Search code examples
pythonabstract-syntax-tree

Inspect vs AST argument specification compatbility


I have a string that contains python code - more specifically a python function definition (using traditional function definition, not lambdas). For example:

code = "def f(p,t,h, *, foo: str = 'foo'): return True"

I need to get the signature of the defined function as I need to assert that some properties are being met. As far as I know there are two approaches I could take: One involving AST module, and one involving inspect module.

Using AST module

import ast
root = ast.parse(code)
print(root.body[0].args.__dict__

This will print:

{'posonlyargs': [],
 'args': [<ast.arg at 0x7f87e06cd4c0>,
  <ast.arg at 0x7f87e06cd7c0>,
  <ast.arg at 0x7f8808074100>],
 'vararg': None,
 'kwonlyargs': [<ast.arg at 0x7f87e023d4c0>],
 'kw_defaults': [<ast.Constant at 0x7f87e023d6a0>],
 'kwarg': None,
 'defaults': []}

Using inspect

First execute the code to obtain a function object and then inspect its signature (I know exec is dangerous and I should not use it, don't worry).

import inspect
results = {}
exec(code, {}, results)
f = results['f']
print(inspect.getfullargspec(f))

This will print:

FullArgSpec(args=['p', 't', 'h'], varargs=None, varkw=None, defaults=None, kwonlyargs=['foo'], kwonlydefaults={'foo': 'foo'}, annotations={'foo': <class 'str'>})

I notice that some things are the same, for example the 'args' attribute of both things represent the same thing (or at least that's what I would expect) but for other things it's not so clear, for example, using inspect we get an attribute named varkw that is not present in the AST.arguments instance (although I think it can be kwarg attribute maybe?).

The question is: Is there a mapping between the two classes? Is all the info present in one retained in the other? If so, which attributes correspond to which?


Solution

  • The two approaches work with very different inputs, one should be seen as structured instructions, the other the reflection of the result of the instructions having been executed.

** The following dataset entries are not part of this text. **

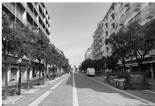
ペスカーラの街並み
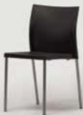
STOL BIKINI količina: 15
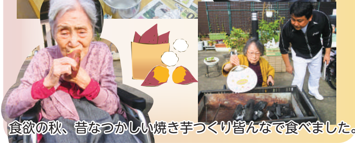
食欲の秋、昔なつかしい焼き芋づくり皆んなで食べました。
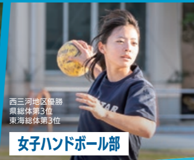
女子ハンドボール部
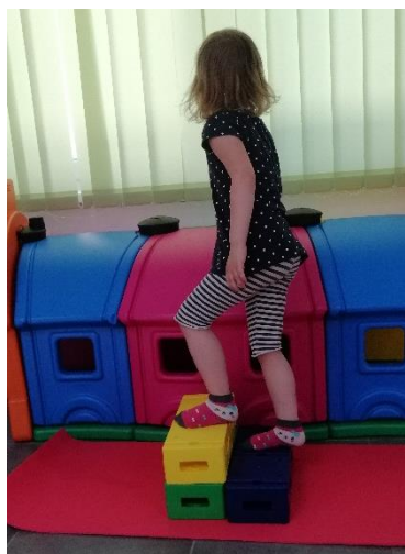
Slika 16. Hod uz stepenice, izvor: vlastiti
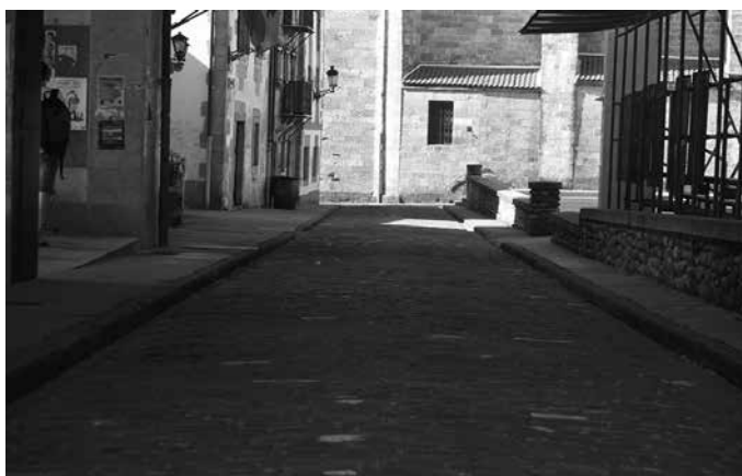
Lanak zatika egingo dira. Beraz, kalea ez da osorik itxita izango inoiz.

Kontu handiz egingo dituzte lanok. “Harriaren alineazioa mantendu nahi da. Harri bakoi-

    • The AST approach looks, presumably, at the very limited context of just the function definition. This can only tell you things about the static interpretation of that text. E.g. any keyword argument defaults or dynamic annotations are not going to be accurate without more context. Moreover, the default values and annotations are expressions that are used to executed by Python when the function is created, and could even be simplified during compilation.

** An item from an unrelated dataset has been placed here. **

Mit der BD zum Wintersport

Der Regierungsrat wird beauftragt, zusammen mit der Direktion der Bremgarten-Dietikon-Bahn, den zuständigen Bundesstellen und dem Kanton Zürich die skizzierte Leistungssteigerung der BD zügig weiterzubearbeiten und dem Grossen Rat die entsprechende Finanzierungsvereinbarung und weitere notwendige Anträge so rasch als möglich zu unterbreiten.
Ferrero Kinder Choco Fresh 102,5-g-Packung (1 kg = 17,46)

    • The inspect approach works on the current 'live' representation of the function object as loaded by the interpreter. Function objects are not static entities, various aspects of the object are actually mutable, so the signature generated could change depending on what other code has run and if that has acted on the function or on objects the function references.

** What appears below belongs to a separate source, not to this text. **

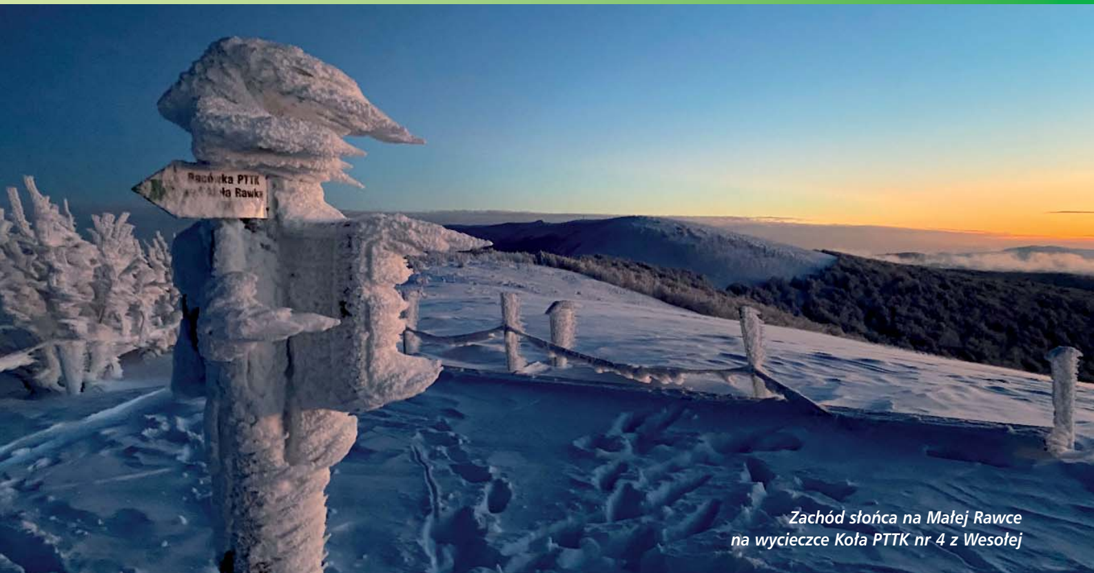
Zachód słońca na Małej Rawce na wycieczce Koła PTTK nr 4 z Wesołej

    To give an example, consider:

    from random import randint, choice
    
    annotation = choice((str, int))
    
    def foo(bar, baz = randint(0, 42), arg: annotation = None):
        pass
    
    foo.__defaults__ = choice((foo.__defaults__, foo.__defaults__[::-1]))
    

    Can you tell me what the default values for baz and arg will be from the source code alone? Or what type the arg argument is annotated with?

    You can't, because the AST reflects text as processed using Python's grammar rules. The inspect.getfullargspec() named tuple reflects Python objects as created by the Python interpreter, after executing bytecode generated from the AST.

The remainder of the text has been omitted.